Aim of the task
Your task is to retype, exactly, the line containing "Material Composition Protected" and every later line through the end of the listing, with pictures omitted.

The data
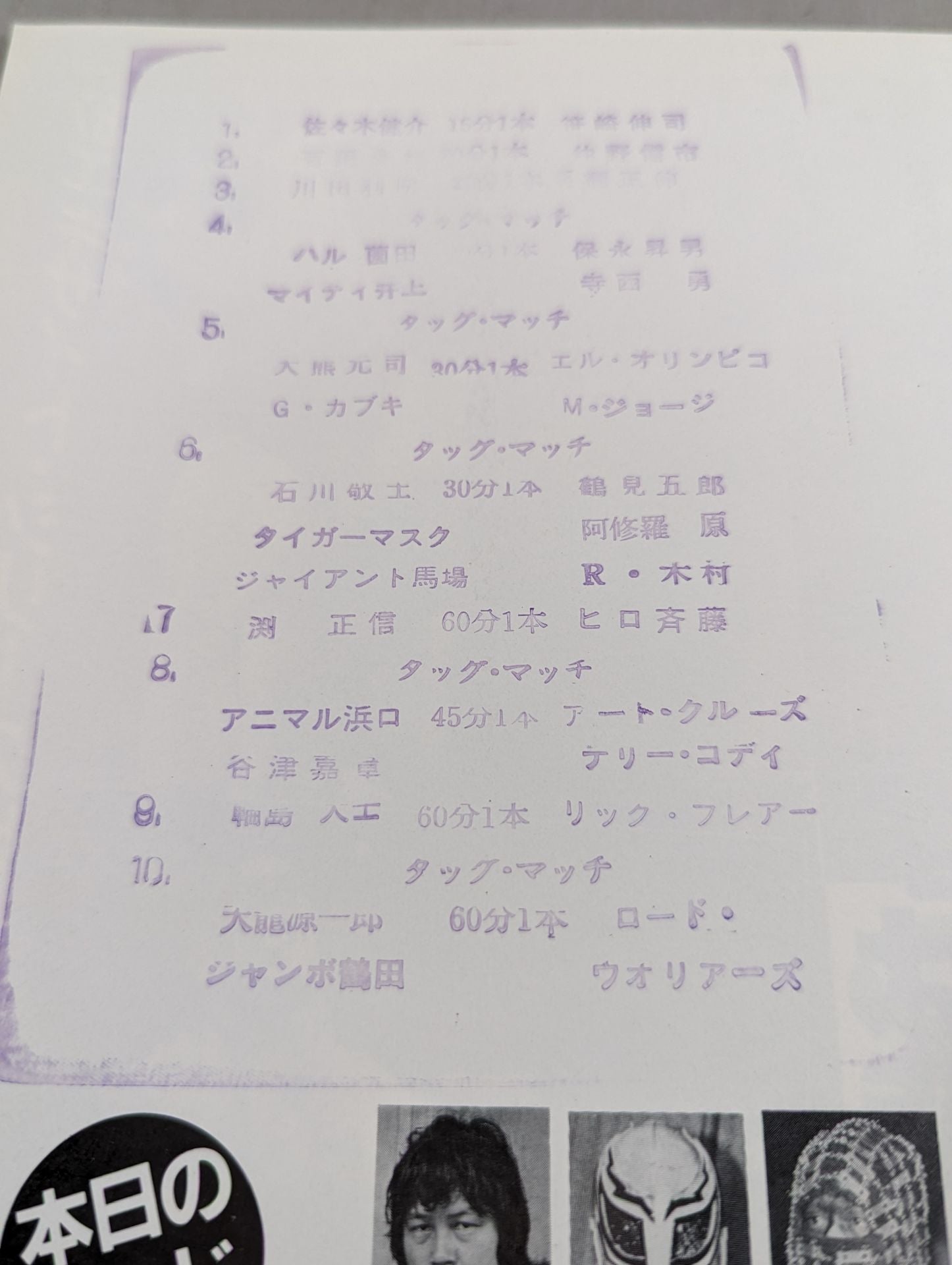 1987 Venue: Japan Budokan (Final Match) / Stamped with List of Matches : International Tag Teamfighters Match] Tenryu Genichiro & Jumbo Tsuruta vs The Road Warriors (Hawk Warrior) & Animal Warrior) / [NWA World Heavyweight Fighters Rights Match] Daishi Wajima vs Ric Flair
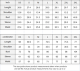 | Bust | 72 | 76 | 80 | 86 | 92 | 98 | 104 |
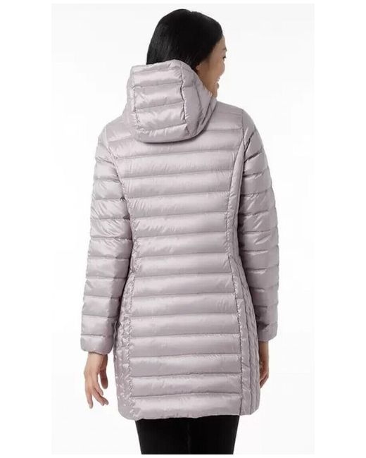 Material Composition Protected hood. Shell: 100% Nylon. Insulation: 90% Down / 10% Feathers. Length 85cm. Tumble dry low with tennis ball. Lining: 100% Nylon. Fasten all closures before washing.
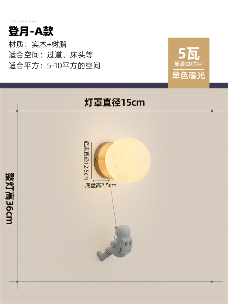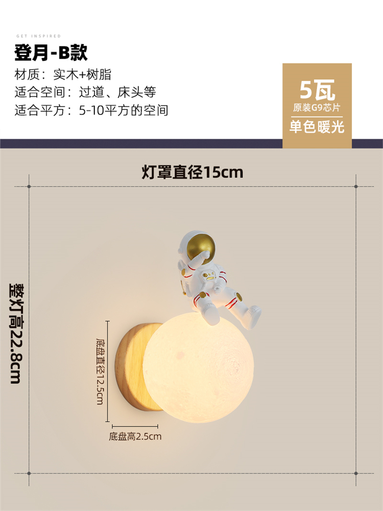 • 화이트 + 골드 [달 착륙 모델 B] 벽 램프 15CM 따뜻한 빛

Solution for this exercise
 Material Composition Protected hood. Shell: 100% Nylon. Insulation: 90% Down / 10% Feathers. Length 85cm. Tumble dry low with tennis ball. Lining: 100% Nylon. Fasten all closures before washing.
 • 화이트 + 골드 [달 착륙 모델 B] 벽 램프 15CM 따뜻한 빛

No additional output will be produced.